DESCRIPTION (provided by applicant): Ependymomas are tumors of the brain and spinal cord. Treatment approaches and mortality rates for this disease have changed little over the last twenty years, highlighting the great need for new therapies. Histologic similarities among ependymomas have led investigators to treat these tumors as a single entity; but we have shown that ependymomas from different regions of the central nervous system include discrete clinical and molecular subtypes, suggesting they are different diseases. Thus, contemporary efforts to cure all patients with ependymoma must be concerned with understanding the biological basis of these disease subtypes, and where necessary, developing subtype-specific therapies. During the last funding cycle we developed a cross- species genomics approach that characterized genomic subtypes of human ependymoma and matched these with neural stem cells in the mouse to generate accurate models of the disease. We will build on this work to complete three Specific Aims designed to test the central hypothesis that 'Ependymoma subtypes are driven by distinct cell signals that can be targeted for therapeutic gain.' Aim 1 will employ new 'virus-pool' screens to test the in vivo oncogenic role of the top 90 candidate oncogenes and 40 tumor suppressor genes that we previously identified in ependymoma. We will thereby generate a 'clinic' of mice that recapitulate the full spectrum on human ependymoma subtypes. Aim 2 will interrogate the models developed in Aim 1 using high- throughput drug screens, kinome-wide binding and cell biology assays to pinpoint the key cell signals that maintain each ependymoma subtype that might therefore serve as therapeutic targets. Integration of these data with genetic analyses of human and mouse tumors will further validate candidate drug targets. Future clinical trials of therapies that target signals identified in Aim 2 will demand the selection of patients with the appropriate disease subtype. Therefore, Aim 3 will develop a robust Affymetrix Quantigene assay to reliably and rapidly diagnose ependymoma subtypes using formalin fixed paraffin embedded tissue.

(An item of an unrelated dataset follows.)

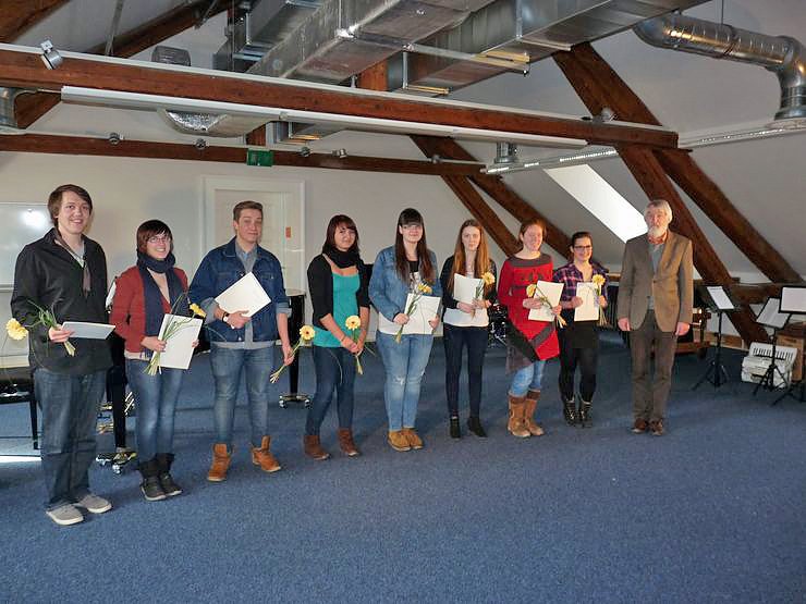 In einer kurzen Begrüßung durch Akademiedirektor Prof. Dr. Eckart Lange gab er eine Übersicht über die nun schon 4. Ausbildung dieser Art. Im September 2012 startete an der Thüringer Landesmusikakademie Sondershausen dieser Jahrgang der Musikmentorenausbildung. Seitdem trafen sich die Jugendlichen aus allen Teilen Thüringens (und so gar aus dem Ruhrgebiet) zu drei weiteren Modulen. Die Ausbildung richtet sich an musikinteressierte und musikalisch versierte Jugendliche ab 15 Jahren, will musikpädagogische Begabungen fördern und dadurch Impulse für das Engagement in der musikalischen Jugendarbeit in Schulen und Vereinen geben.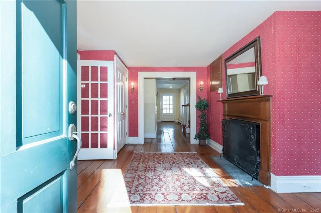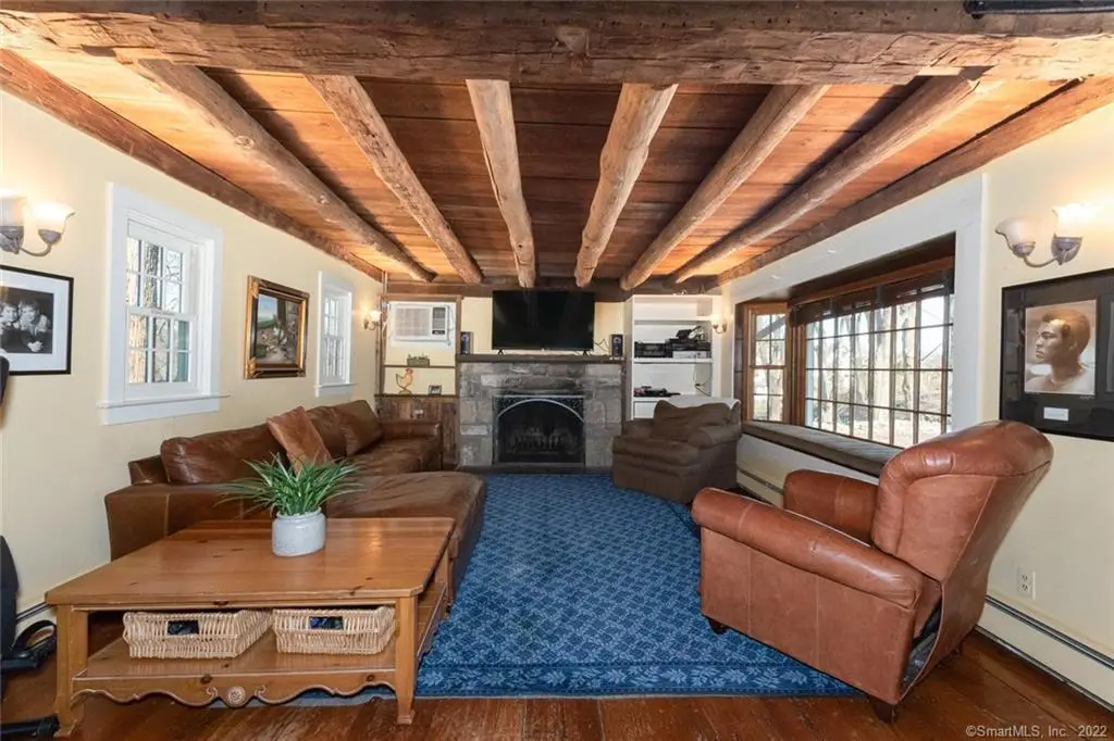 Step Back in Time with the ultimate charm of yesteryear blended with the modern comforts of today - The Samuel Middlebrook House, circa 1830. This beautifully preserved 5-bedroom antique residence offers timeless character and plenty of charm. Rich in period detail, the home features wide plank wood floors, exposed beams, original fireplaces with hand-carved mantels, and a charming bee-hive oven-classic hallmarks of 19th-century craftsmanship. A welcoming front foyer with fireplace sets the tone, while French doors from the cozy den open to a private flagstone terrace-ideal for relaxing or entertaining. The spacious kitchen is complemented by a sunny seating area plus large laundry/mudroom, adding everyday functionality. A true highlight is the attached authentic barn-style family room with fireplace, offering rustic warmth and extra room to gather. Upstairs there's a spacious primary en-suite bedroom plus four more bedrooms. The partially finished walk-up attic provides more bonus space for work, play, or storage. Set on a picturesque 2-acre lot framed by stone walls, a white picket gate, and possible pool sites; the home offers over 4,300 square feet of living space-an impressive scale for an antique. With a coveted location near town schools and train, this unique property blends historic charm with everyday convenience. Not your typical home-this one-of-a-kind treasure is waiting to welcome its next chapter. See attached information from the Wilton Historical Society.

描述（由申请人提供）：室管膜瘤是脑和脊髓的肿瘤。在过去二十年里，这种疾病的治疗方法和死亡率几乎没有变化，这凸显了对新疗法的巨大需求。室管膜瘤之间的组织学相似性使得研究人员将这些肿瘤视为一个单一的实体。但我们已经证明，来自中枢神经系统不同区域的室管膜瘤包括不同的临床和分子亚型，表明它们是不同的疾病。因此，当代治愈所有室管膜瘤患者的努力必须关注了解这些疾病亚型的生物学基础，并在必要时开发亚型特异性疗法。在上一个资助周期中，我们开发了一种跨物种基因组学方法，该方法描述了人类室管膜瘤的基因组亚型，并将其与小鼠的神经干细胞相匹配，以生成该疾病的准确模型。我们将在这项工作的基础上完成三个具体目标，旨在测试“室管膜瘤亚型是由不同的细胞信号驱动的，这些信号可以针对治疗效果”这一中心假设。目标1将 采用新的“病毒库”筛选来测试我们之前在室管膜瘤中鉴定的前 90 种候选癌基因和 40 种肿瘤抑制基因的体内致癌作用。因此，我们将建立一个小鼠“诊所”，概括人类室管膜瘤亚型的全谱。目标 2 将使用高通量药物筛选、全激酶组结合和细胞生物学测定来询问目标 1 中开发的模型，以查明维持每种室管膜瘤亚型的关键细胞信号，从而可以作为治疗靶点。将这些数据与人类和小鼠肿瘤的遗传分析相结合将进一步验证候选药物靶点。针对目标 2 中确定的信号的疗法的未来临床试验 将需要选择具有适当疾病亚型的患者。因此，Aim 3 将开发一种强大的 Affymetrix Quantigene 检测方法，使用福尔马林固定石蜡包埋的组织可靠、快速地诊断室管膜瘤亚型。